Il n’y a pas qu’au Synes, où certains syndicalistes ont été cooptés dans les arcanes de la manducation. Même au Syndicat national des journalistes du Cameroun(Snjc), Denis Nkwebo, ancien leader de cette corporation, a été nommé comme membre de la commission des droits de l’homme du Cameroun le 19 février 2021. L’on a donc l’impression que ce sont des aventuriers qui se positionnent dans l’environnement socioprofessionnel pour se battre pour tenir les rênes des syndicats et pour escompter, à long terme, une nouvelle ascension socioprofessionnelle, source de l’accroissement des prébendes, des dividendes et des avantages de toutes sortes.

Optant pour la politique de la division pour mieux régner, les pouvoirs publics entrent en scène et manipulent certains leaders syndicaux mués en marionnettes pour briser l’élan de contre-pouvoir qu’ils sont censés insuffler en permanence.
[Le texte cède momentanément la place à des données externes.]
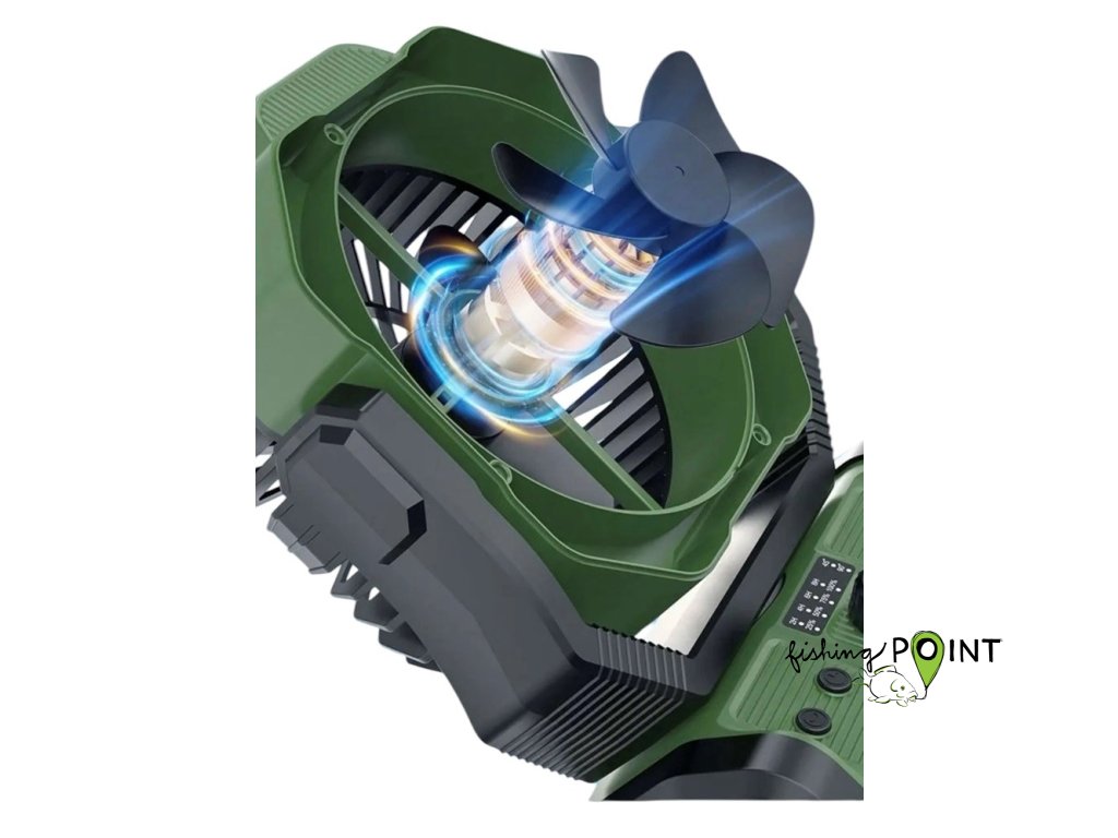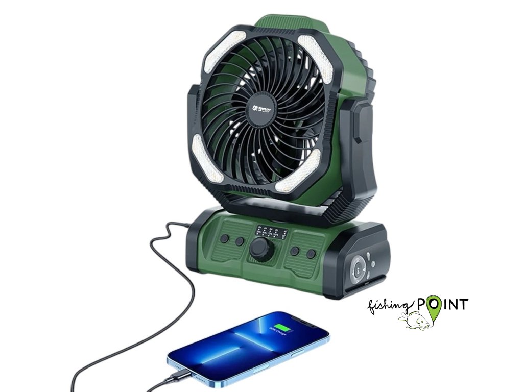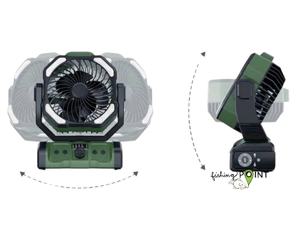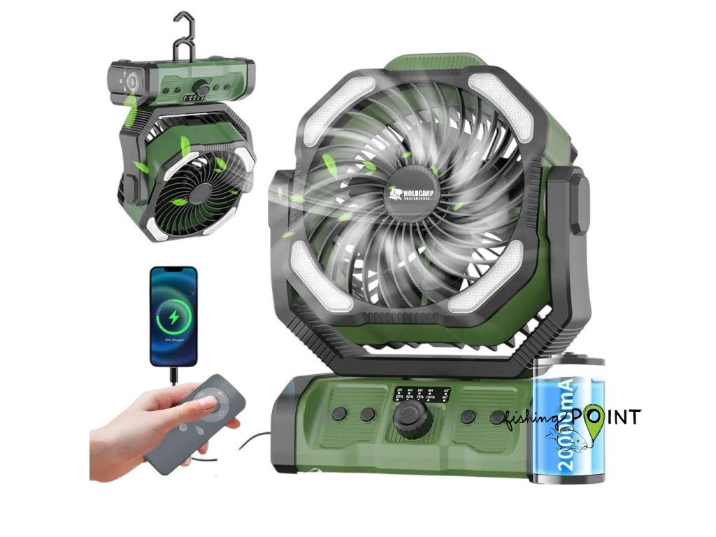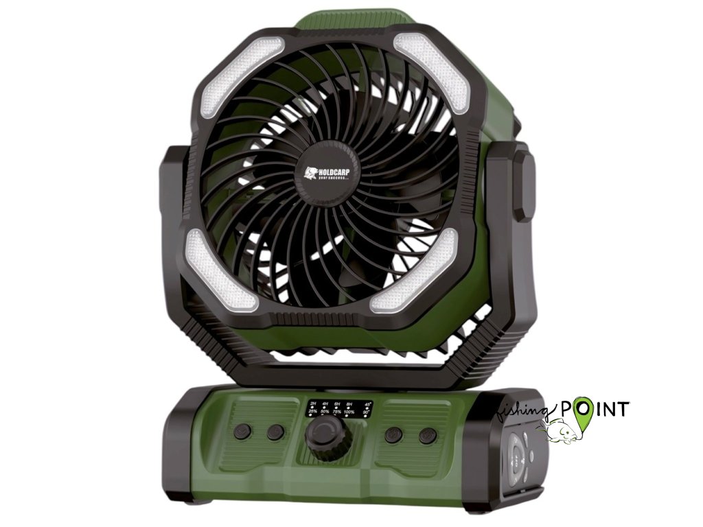 Holdcarp Rechargeable DoubleMotor Fan kombinuje špičkovou technologii s praktickými funkcemi, díky nimž je ideální pro kempování, rybaření, či večery na terase nebo zahradě.

Très souvent, ce sont les mêmes pouvoir publics qui manœuvrent, sous cape, pour travailler à la cooptation de tel leaders syndical qui leur fera allégeance et qui jouera le rôle de courtisan et d’agent de renseignements auprès de leur destinataire, l’enjeu étant d’engranger des espèces sonnantes et trébuchantes et de continuer à faire semblant de théâtraliser la posture de défense des droits des travailleurs.

Or, il ne s’agit que d’une mise en scène savamment orchestrée par le leader-laquais, qui œuvre au détriment des employés misérabilisés et paupérisés par les bourgeois compradores tant il devient serviteur des appareils idéologiques et répressifs de l’État qui l’instrumentalisent de manière régulière. Pauvres leaders syndicaux devenus des marionnettes du système oppresseur et autoritariste!

Serge Aimé Bikoi, Journaliste. Rédacteur en chef Panorama papers. Chef service politique et économie à Radio Siantou. Sociologue du développement.